The methodology and steps to analyze a metagenome in IMG/M-ER will be presented through a use case scenario – study of microbial mat communities from two distinct hydrothermal vent sites within the Hellenic Volcanic Arc (HVA) located in the Aegean Sea. Hydrothermal vents represent a deep, hot, aphotic biosphere where chemosynthetic primary producers, fueled by chemicals from Earth’s subsurface, form the basis of life. Key questions about diversity and metabolic capabilities are explored.
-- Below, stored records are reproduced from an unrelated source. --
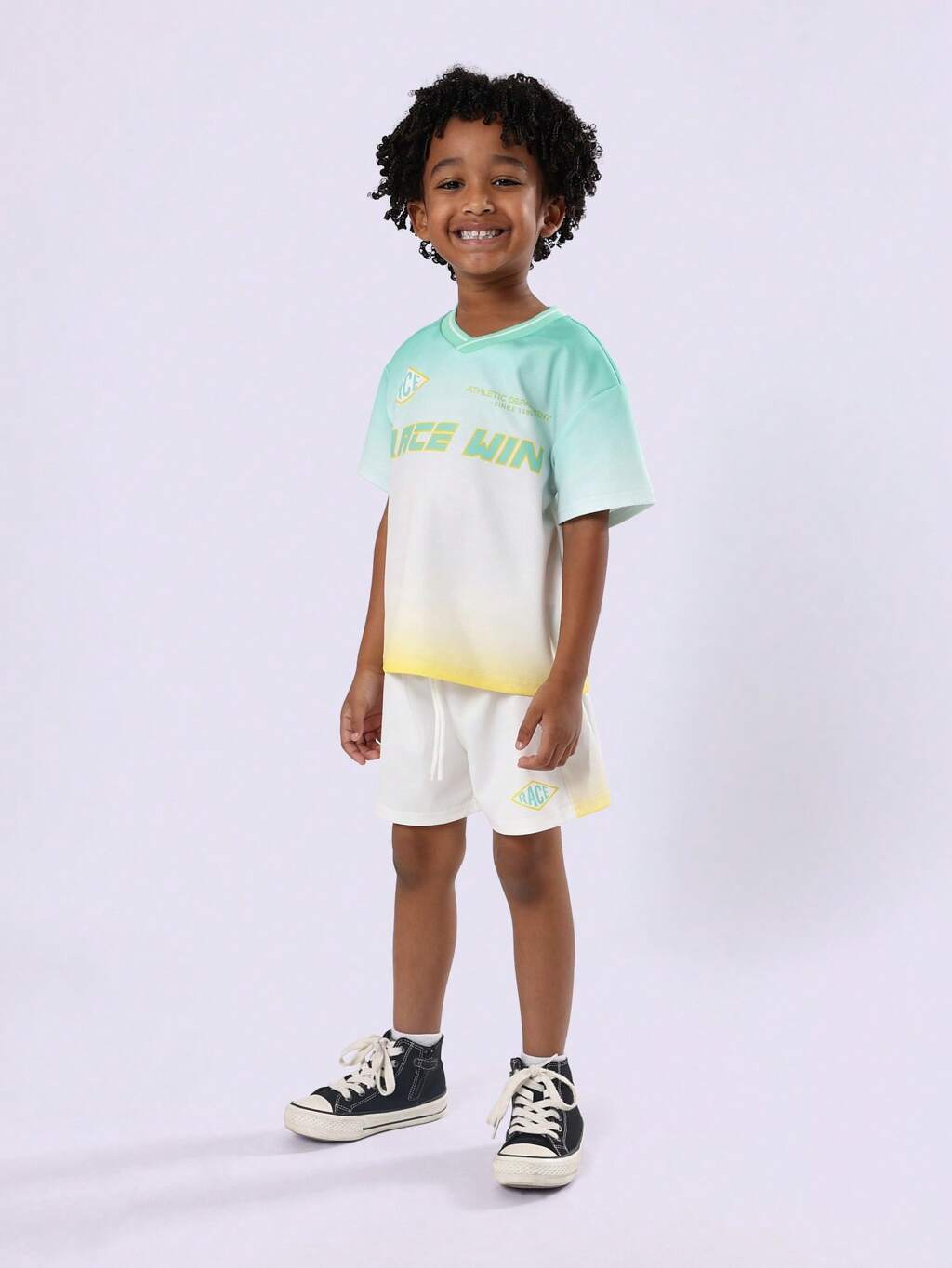 보이 굿 에너지 저지 코디 세트, 여유로운 핏 반팔 티셔츠와 매칭 쇼츠 여름 캐주얼웨어
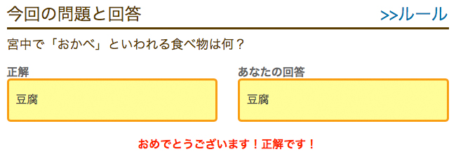 宮中で「おかべ」といわれる食べ物は何? / ポイントタウン ポイントQ 答え合わせ
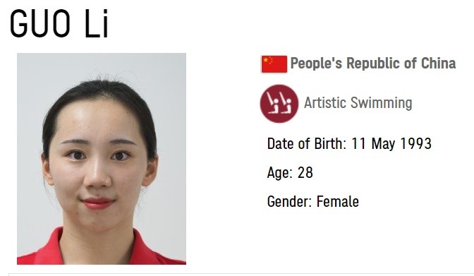 花样游泳队有位叫呙(guō)俐的老将,2010年就已经入选国家队,也参加过2016年的里约奥运会。
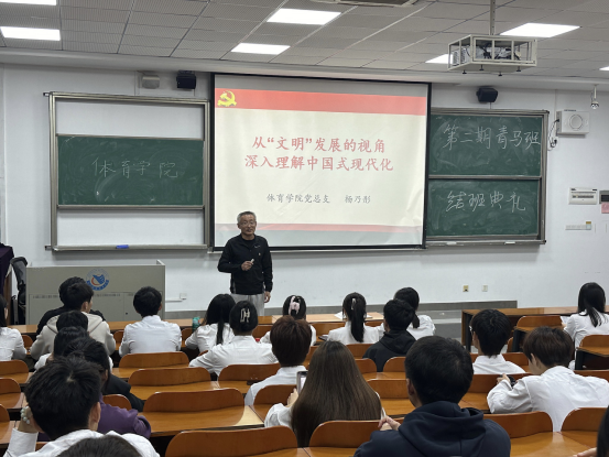 2023年11月16日晚,我校体育学院党总支书记、院长杨乃彤教授在教四203为体育学院第二期青年马克思主义者培养工程全体学员讲授了题为《从“文明”发展的视角深入理解中国式现代化》的思想政治理论第一课。

JGIʼs future depends on new sequencing technologies and applications developed based on these technologies. With multiple sequencing platforms available, JGIʼs &D team has been aimed to develop sequencing applications based on the strength provided by different platforms. Our areas of development lie in de novo whole genome shotgun sequencing, transcriptome sequencing, and metagenomic sample diversity study. Examples of JGIʼs available sequencing applications in genomic research will be discussed.

The bulk of finished microbial genomes to date are derived from bacteria and archaea that can be readily grown in culture. However, the vast majority of microorganisms on this planet elude current culturing attempts, severely limiting access to their genomes. While various enrichment methods as well as metagenomic approaches have been successfully applied to aid the genome analysis of such uncultured environmental microbes, these methodologies are not suitable for countless community members of interest. Single-cell genomics is an approach that aims to access the genome from an individual microbial cell. The methodology as well as a range of JGI single cell projects will be discussed.

Microorganisms exhibit complex metabolism and metabolic interactions with their environment, large parts of which remain unknown. Deficiencies in functional annotations of microbial genomes as well as incomplete knowledge of small molecule repertoires (metabolomes) of microorganisms limit the understanding of their metabolism. This talk will introduce mass spectrometry based metabolomics and approaches to link these to microbial genomics. This will include recent work connecting genes to the utilization of specific metabolites in bacteria by profiling metabolite utilization in libraries of mutant strains. Here, untargeted mass spectrometry-based metabolomics was used to identify metabolites utilized by soil microbes. Targeted high-throughput metabolite profiling of spent media of 8042 individual mutant strains was performed to link utilization to specific genes. Using this approach we identified genes of known function as well as those required for the metabolism of ‘novel’ metabolites.